Give again, unaltered, the line with "Tarık Almış Spor" and all lines that follow it in the listing below, minus any pictures.
DATA START
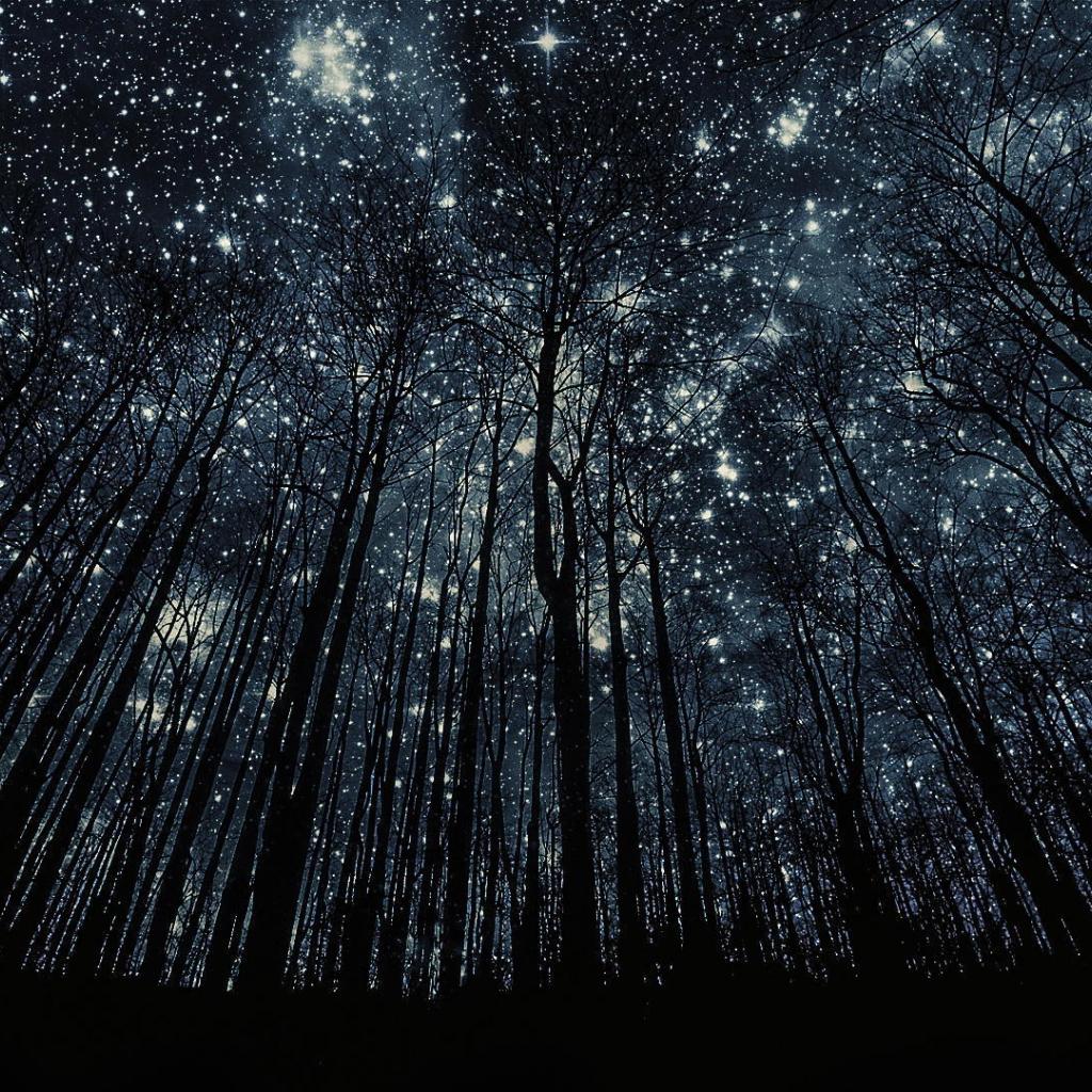 Wallpaper Trees without leaves on a background of stars
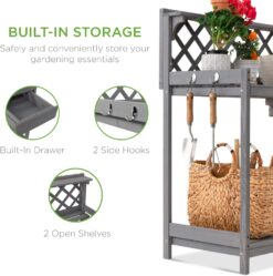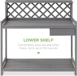 Best Choice Products Outdoor Garden Potting Bench, Wooden Workstation Table w/Cabinet Drawer, Open Shelf, Lower Storage, Lattice Back – Gray
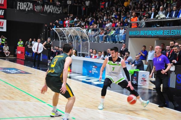 Tarık Almış Spor Salonu'nda tıklım tıklım dolu tribünler önünde oynanan maçı baştan sona önde götürüp ilk periyodu 30-15, devreyi 50-30, üçüncü periyodu 75-59 üstün bitiren Manisa ekibi, taraftarına çifte bayram yaşattı. Son 11 maçın 10'unu kazanıp 29 haftada 23 galibiyete ulaşan Manisa BŞB'de Watkins 20, Williamson ve Mustafa Baki 18'er sayıyla galibiyete katkı yaptı. Henüz 5 yıl önce kurularak Manisa'yı basketbolda Süper Lig'de temsil edecek ilk ekip olmayı başaran yeşil-beyazlılarda taraftarlar salonu, "Şampiyon Manisa" tezahüratlarıyla inletti.
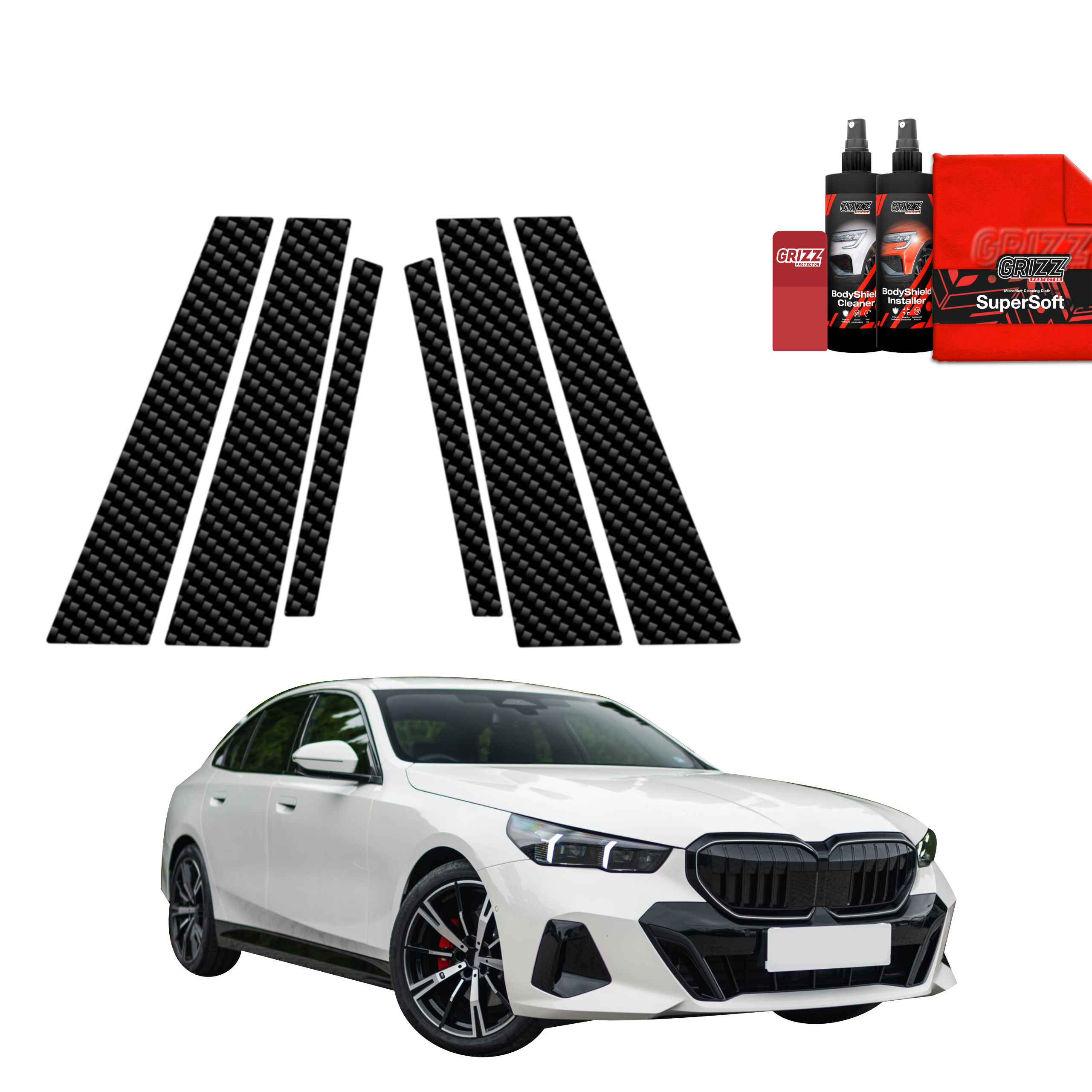 Carbonová fólie na sloupky, BMW 5, G61, 2024- , Combi, Touring
DATA END
*RESPONSE TO THIS TASK:*
 Tarık Almış Spor Salonu'nda tıklım tıklım dolu tribünler önünde oynanan maçı baştan sona önde götürüp ilk periyodu 30-15, devreyi 50-30, üçüncü periyodu 75-59 üstün bitiren Manisa ekibi, taraftarına çifte bayram yaşattı. Son 11 maçın 10'unu kazanıp 29 haftada 23 galibiyete ulaşan Manisa BŞB'de Watkins 20, Williamson ve Mustafa Baki 18'er sayıyla galibiyete katkı yaptı. Henüz 5 yıl önce kurularak Manisa'yı basketbolda Süper Lig'de temsil edecek ilk ekip olmayı başaran yeşil-beyazlılarda taraftarlar salonu, "Şampiyon Manisa" tezahüratlarıyla inletti.
 Carbonová fólie na sloupky, BMW 5, G61, 2024- , Combi, Touring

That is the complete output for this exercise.